Why urban tech should empower cities, not solve them.

Cities need a sword with which to defend themselves against Silicon Valley.” This, to my surprise, was one of the first things that John Edgartold me when I asked him why he started Stae, a new data management platform for municipal governments. Having experienced both the potential and the potential risks of urban tech while working for and with cities — first in government as a city planner in Central Falls, RI and most recently as an open data advocate directing the Sunlight Foundation’s Open Cities Team — I couldn’t agree with John more.

Though not the metaphor I would have expected, John was naming one of the defining problems facing the future of our urban communities. Corporations, startups, and venture capital alike are increasingly betting on urban tech that seeks to “disrupt” and “solve” the city. And, while data and new connected technology can and will play a critical role in helping cities face a slew of urban challenges in newer, more effective ways, it is telling that most “smart city” efforts and rhetoric are led by the corporate tech world — and what’s worse, few of these players are currently treating the city as a true partner, collaborator, or co-designer.

Why Tech Needs Democracy
To anyone who cares deeply about defending an urban future centered around core democratic values of local agency and representation (myself included), our emergent urban innovation landscape is concerning.

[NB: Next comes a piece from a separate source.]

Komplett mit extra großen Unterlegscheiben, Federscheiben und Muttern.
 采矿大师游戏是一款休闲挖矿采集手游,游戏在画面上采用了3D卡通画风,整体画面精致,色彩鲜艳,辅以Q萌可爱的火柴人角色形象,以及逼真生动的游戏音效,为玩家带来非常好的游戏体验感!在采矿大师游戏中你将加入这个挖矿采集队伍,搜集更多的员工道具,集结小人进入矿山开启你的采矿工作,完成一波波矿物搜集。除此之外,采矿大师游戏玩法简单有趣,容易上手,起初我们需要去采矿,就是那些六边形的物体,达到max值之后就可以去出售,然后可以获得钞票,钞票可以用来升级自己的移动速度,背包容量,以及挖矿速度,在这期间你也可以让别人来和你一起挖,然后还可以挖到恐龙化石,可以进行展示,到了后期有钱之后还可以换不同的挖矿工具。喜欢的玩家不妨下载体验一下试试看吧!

Whereas just a few years ago the space seemed spiritually defined by community-led open source projects and organizations that democratized information and decision making (e.g. OpenPlans), urban tech is now increasingly synonymous with large corporations — like Uber, AirBnB, Amazon and Google — making their own rules and waiting for communities to get with the program or else risk falling behind.

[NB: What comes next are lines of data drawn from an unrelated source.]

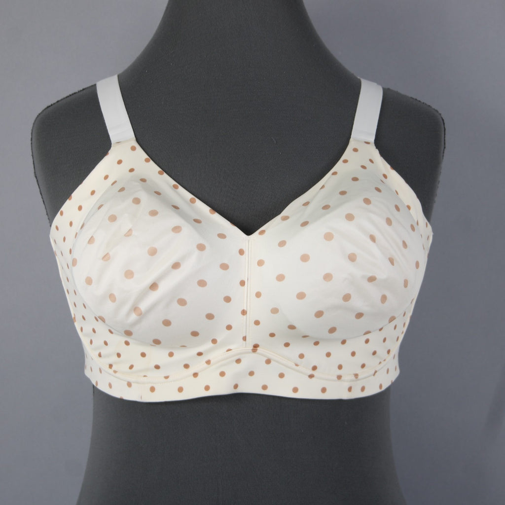 Catherines Bra NEW $48 Intimates Sz 50C Cream Tan Polka Dots Nylon Spandex Bra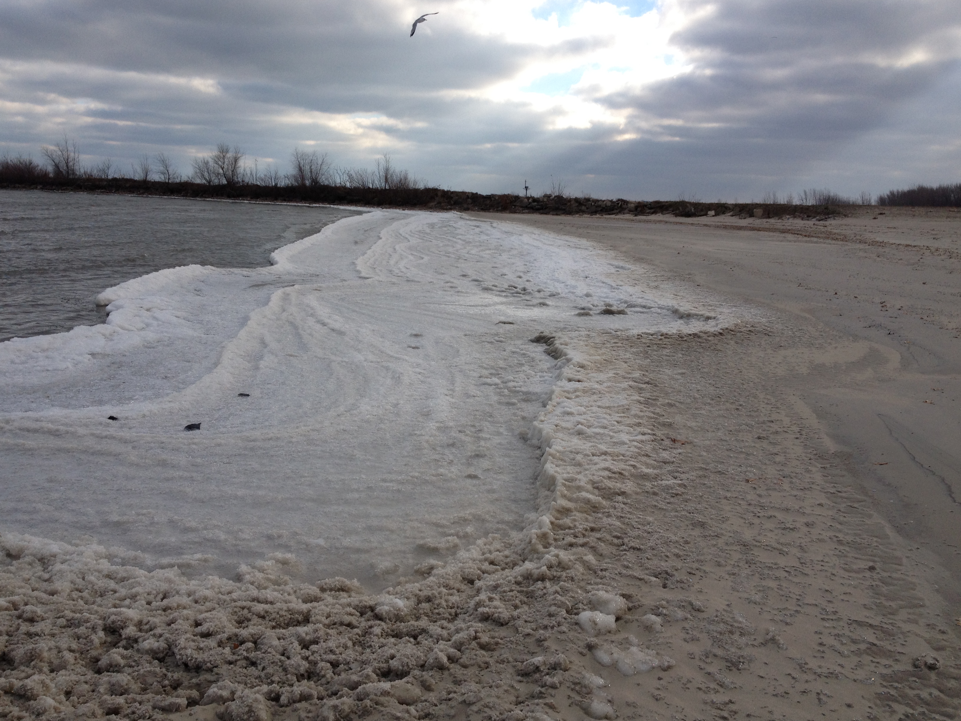 There was a slight breeze on the water and the air was fresh, and cold but inviting. Looking out into the lake and seeing how beautiful it looked with some ice just along the shore made me appreciate that moment. What a wondrous sight to see winter taking form right before my eyes. The sounds I heard were only of water and wind. I stood there alone with just my thoughts to keep me company. Usually those thoughts would make me nervous, but in that period of time I was calm. I walked along the shore picking up a few seashells that were not yet frozen in the sand. Those that had already been frozen were a beautiful sight as they glistened in the sun.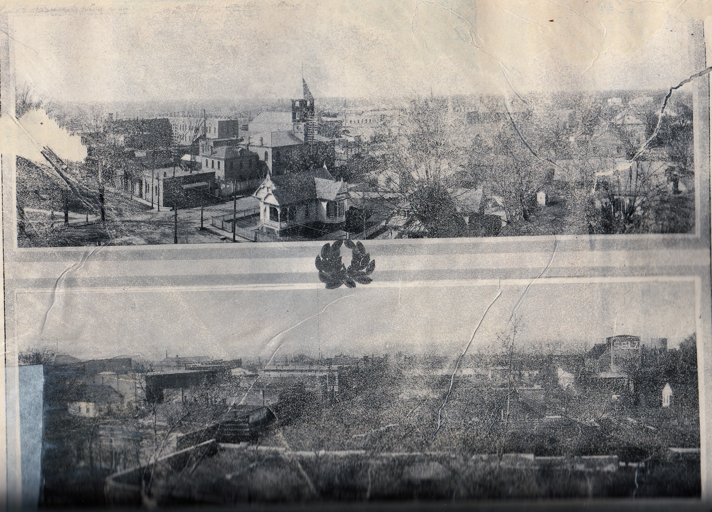 Our first photos from the Monroe Illustrated were labeled, “BIRD’S-EYE VIEW OF THE CITY.” The first caption stated it was a view of City of Monroe from City School Tower. Of course, the City School was the Monroe City High School, which sat where Anna Grey Noe Park is now. I think the the building with the tower in the foreground may be the old City Hall, which sat on St. John. The street intersecting it is Wood. The bottom photo was labeled, “Business Section from Monroe Progressive League Building”. I am unfamiliar with that building, and the paper is badly faded on this one. It may be the Sugar Theatre. The 1912 city directory stated that was where their offices were.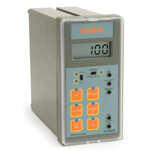 El HI8410 es un controlador de oxígeno disuelto montado en panel diseñado para simplificar el uso en una amplia gama de aplicaciones de procesos industriales. El oxígeno disuelto se indica en mg/L (ppm) o en % de saturación de acuerdo con el interruptor de selección en el panel posterior. La temperatura se puede medir en el rango de -5 a 50 °C. Las lecturas de oxígeno disuelto se compensan automáticamente por los efectos de la temperatura en la solubilidad del oxígeno y la permeabilidad de la membrana. Además, la función de compensación de salinidad permite la determinación del oxígeno disuelto incluso en aguas saladas.

It doesn’t need to be this way. I believe wholeheartedly in the promise of technology to bring about better representation, services, and quality of life in our cities. As a city planner for the City of Central Falls, RI, technology was a critical tool for doing more with less and improving resident trust and engagement. I worked with companies like OpenCounter, Citizenvestor, and OpportunitySpace (now Tolomy) to share information about city property, processes, and projects and provide tools to lower the barriers for residents to have a say and get involved. As an open government advocate at the Sunlight Foundation, I helped city halls research and enact new open data policies to bring about more transparency and accountability in municipal government. I also supported the use of technology and data as a tool to empower those who have historically and systematically been left out of the decision making process, as part of our team’s vision for more just and open cities.

A common thread for this kind of work is that it conceives of data as a public asset that democratic government can utilize in ways accountable to and in the interests of the communities it represents. In other words, tech can improve our urban places when it empowers urban communities and the governments that represent them.

Co-Designing with Cities
This is a lesson we should have learned already. Our current fascination with modernizing the city is not new. Techno-solutionists have tried to remake the city before without consideration for local expertise, buy-in, and ownership, and it hasn’t worked out well. When 20th century modernist thinkers like Le Corbusier conceived a new city in apolitical and technological terms as a machine to be optimized for efficiency and modernized for the automobile, the effects on urban communities were disastrous. If we continue to cede public power to techo-solutionist, private interests, instead of empowering public interests, we are at risk of repeating these historical mistakes.

For all these reasons, a private sector urban-tech startup is the last place I thought I’d end up. Most urban challenges are fundamentally socio-political, not technological. And most “smart city” startups simply aren’t working on the kinds of problems and approaches that I thought would have the most impact.

The reason I joined Stae is that the team has no illusions of “solving” the city with technology. Instead, we’re working with technology to empower those who know their communities best—cities themselves—to use tech in ways that enhance their own solutions.

Data as a Public Good
Data can’t “solve” the city any more so than an architect’s rendering or a planner’s map can. It’s how we use and interpret these representations of urban places that ultimately leads to meaningful change. The key question then is “who is able to wield the data, decide what it looks like, and have access to it in the first place?” In a world where the most compelling urban representation is no longer a map, rendering, or photograph kept in city hall, but data about urban life that increasingly remains in private hands, cities are losing agency as deciders. By giving cities the tools to work with private partners on public terms, we’re working to ensure that smart city initiatives are led in ways that are democratically accountable and that data collected about the city can be used as a public asset regardless of whether the city itself is doing the collecting.

It is imperative that cities adopt the digital infrastructure to recapture urban data as a public asset and use it to empower the political decision-making that can help communities better address urban challenges and improve city life. I’m looking forward to tackling this challenge as part of the team at Stae by giving cities the sword they need to do just that.